─── Information provided ───
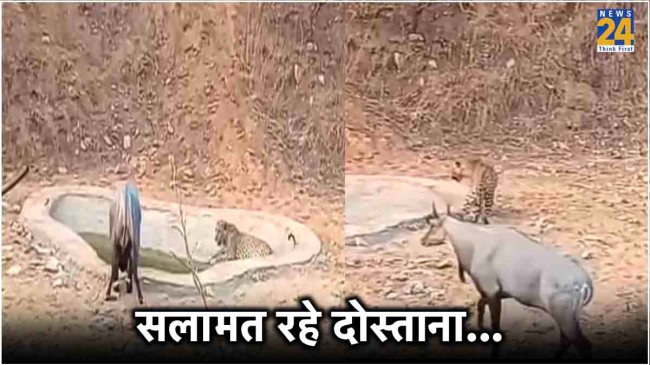 Leopard Nilgai Drinking Water Together: सोशल मीडिया पर एक वीडियो देखने को मिला, जिसे देखकर आपको भी जंगल बुक की कहानी, जल समझौता याद आ जाएगा और आप बॉलीवुड का वो मशहूर गाना गुनगुनाने लगेंगे, जिसे अकसर दोस्तों के लिए गाया जाता है…बने चाहे दुश्मन जमाना हमारा, सलामत रहे दोस्ताना हमारा।
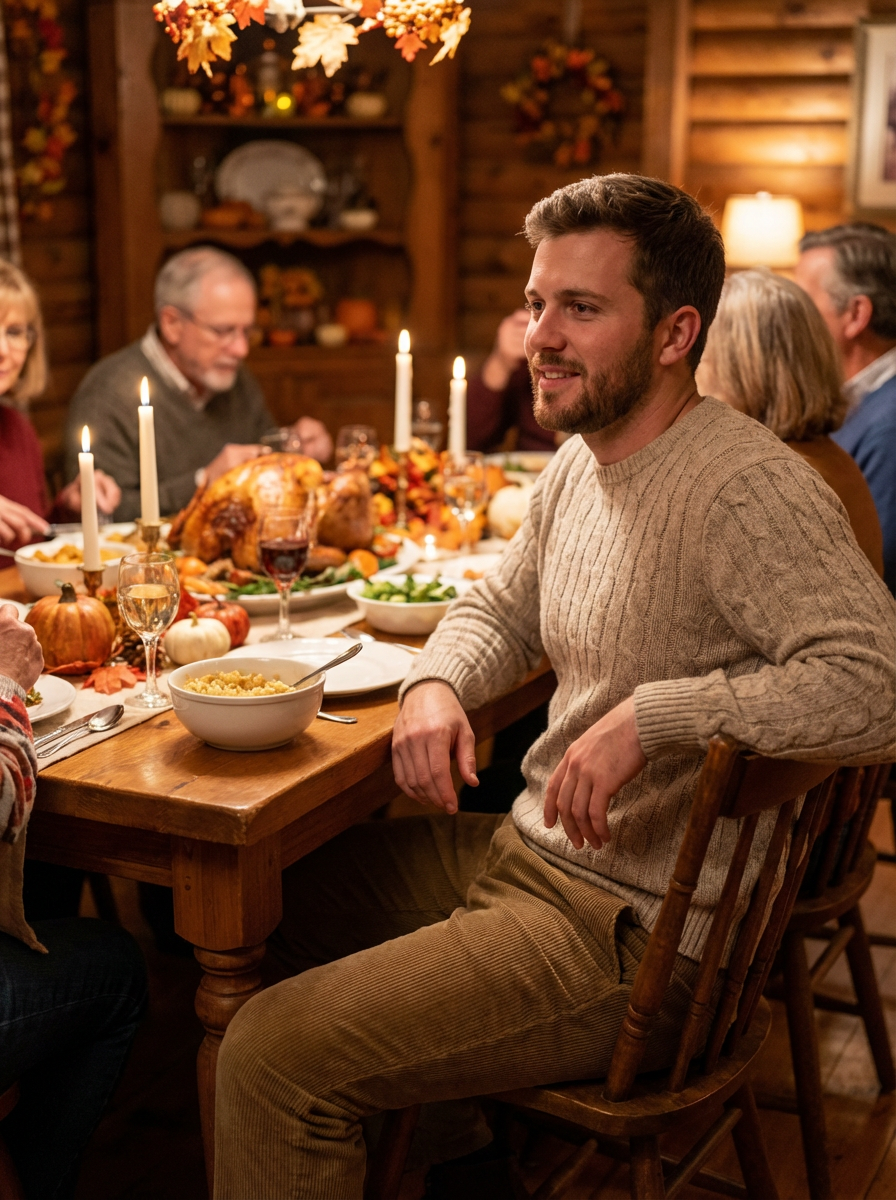 model at Thanksgiving dinner table, beautiful turkey centerpiece, warm candlelight, cozy fall outfit, family gathering atmosphere
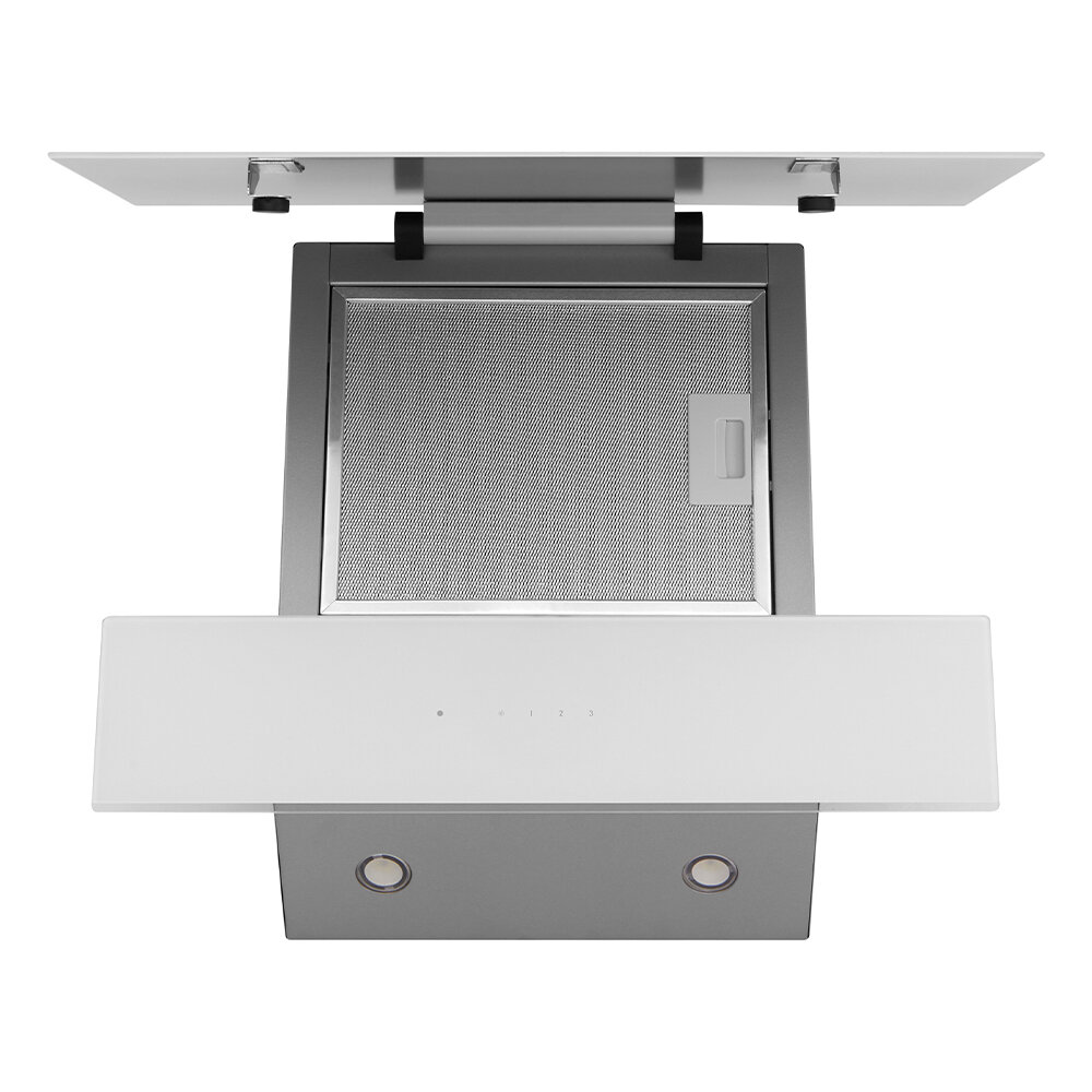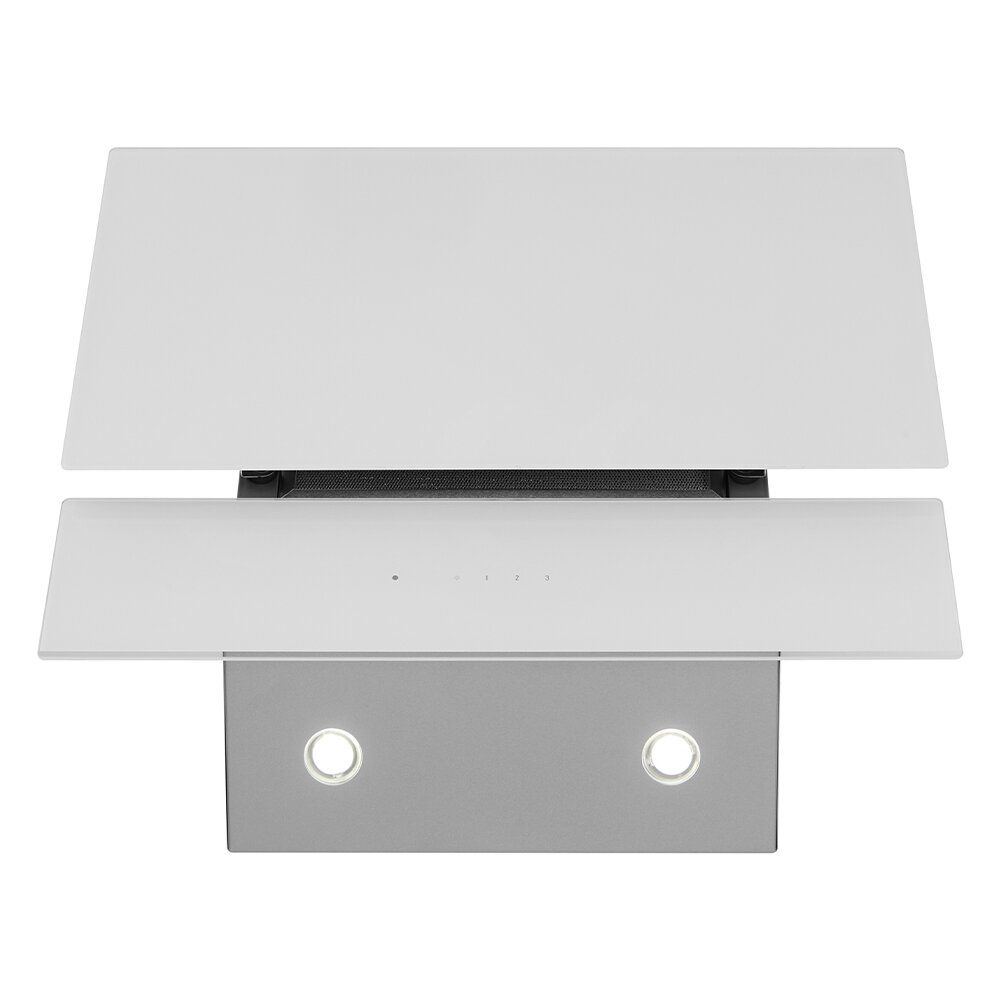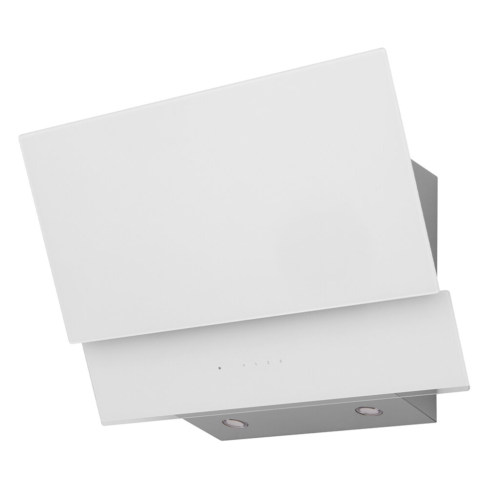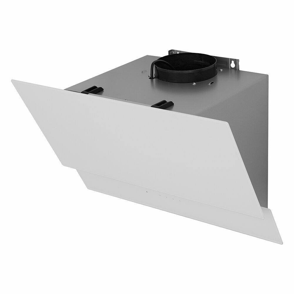 Эта настенная вытяжка изготовлена из качественного белого стекла, что делает ее идеальным дополнением для любого интерьера кухни. Размеры модели составляют: высота 36,3-103 см, ширина 60 см и глубина 42,5 см, что обеспечивает удобство установки и использования. В комплектацию входят два декоративных короба, а также жироулавливающие и обратные клапаны, которые обеспечивают эффективную очистку воздуха.
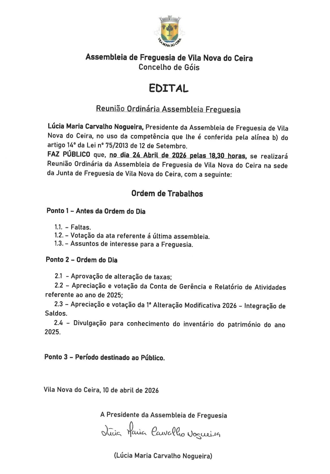 Edital - Assembleia de Freguesia - Reunião Ordinária de 24 de abril...
───
### Task details
Every line above should be output exactly, except for the pictures.

### Answer below
 Leopard Nilgai Drinking Water Together: सोशल मीडिया पर एक वीडियो देखने को मिला, जिसे देखकर आपको भी जंगल बुक की कहानी, जल समझौता याद आ जाएगा और आप बॉलीवुड का वो मशहूर गाना गुनगुनाने लगेंगे, जिसे अकसर दोस्तों के लिए गाया जाता है…बने चाहे दुश्मन जमाना हमारा, सलामत रहे दोस्ताना हमारा।
 model at Thanksgiving dinner table, beautiful turkey centerpiece, warm candlelight, cozy fall outfit, family gathering atmosphere
 Эта настенная вытяжка изготовлена из качественного белого стекла, что делает ее идеальным дополнением для любого интерьера кухни. Размеры модели составляют: высота 36,3-103 см, ширина 60 см и глубина 42,5 см, что обеспечивает удобство установки и использования. В комплектацию входят два декоративных короба, а также жироулавливающие и обратные клапаны, которые обеспечивают эффективную очистку воздуха.
 Edital - Assembleia de Freguesia - Reunião Ordinária de 24 de abril...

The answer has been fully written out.